YOUR OBJECTIVE: With the pictures left aside, write out exactly the lines of the listing below from the line with "唇部是先用唇膏myth遮住嘴" to the line with "En esta foto", both included, and only those.

RECORDS FOR THE TASK:
[Start of section]

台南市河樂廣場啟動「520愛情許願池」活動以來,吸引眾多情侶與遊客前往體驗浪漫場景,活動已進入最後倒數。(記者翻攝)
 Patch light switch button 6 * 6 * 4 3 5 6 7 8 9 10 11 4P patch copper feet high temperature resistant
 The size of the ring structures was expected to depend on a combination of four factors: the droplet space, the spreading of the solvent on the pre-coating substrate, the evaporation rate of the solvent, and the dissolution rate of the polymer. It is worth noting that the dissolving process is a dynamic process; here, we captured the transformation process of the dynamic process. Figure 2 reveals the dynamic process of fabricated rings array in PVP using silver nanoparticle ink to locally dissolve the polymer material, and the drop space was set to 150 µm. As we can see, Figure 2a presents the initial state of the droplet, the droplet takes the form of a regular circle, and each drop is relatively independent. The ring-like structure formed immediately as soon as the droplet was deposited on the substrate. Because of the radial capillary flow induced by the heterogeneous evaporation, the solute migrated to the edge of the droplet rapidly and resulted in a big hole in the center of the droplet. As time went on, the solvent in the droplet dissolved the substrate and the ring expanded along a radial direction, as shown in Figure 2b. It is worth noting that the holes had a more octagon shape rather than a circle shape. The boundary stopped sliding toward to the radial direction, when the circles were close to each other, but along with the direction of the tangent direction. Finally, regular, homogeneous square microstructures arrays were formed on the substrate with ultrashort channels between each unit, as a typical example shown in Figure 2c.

[End of section]
[Start of section]

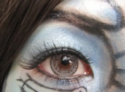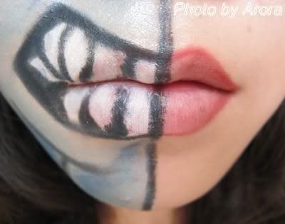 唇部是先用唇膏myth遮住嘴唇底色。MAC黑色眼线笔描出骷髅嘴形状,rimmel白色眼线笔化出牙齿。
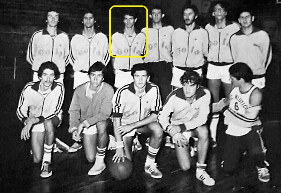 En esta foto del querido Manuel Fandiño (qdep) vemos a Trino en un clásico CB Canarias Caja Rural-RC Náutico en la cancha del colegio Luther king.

[End of section]

EXPECTED ANSWER:
 唇部是先用唇膏myth遮住嘴唇底色。MAC黑色眼线笔描出骷髅嘴形状,rimmel白色眼线笔化出牙齿。
 En esta foto del querido Manuel Fandiño (qdep) vemos a Trino en un clásico CB Canarias Caja Rural-RC Náutico en la cancha del colegio Luther king.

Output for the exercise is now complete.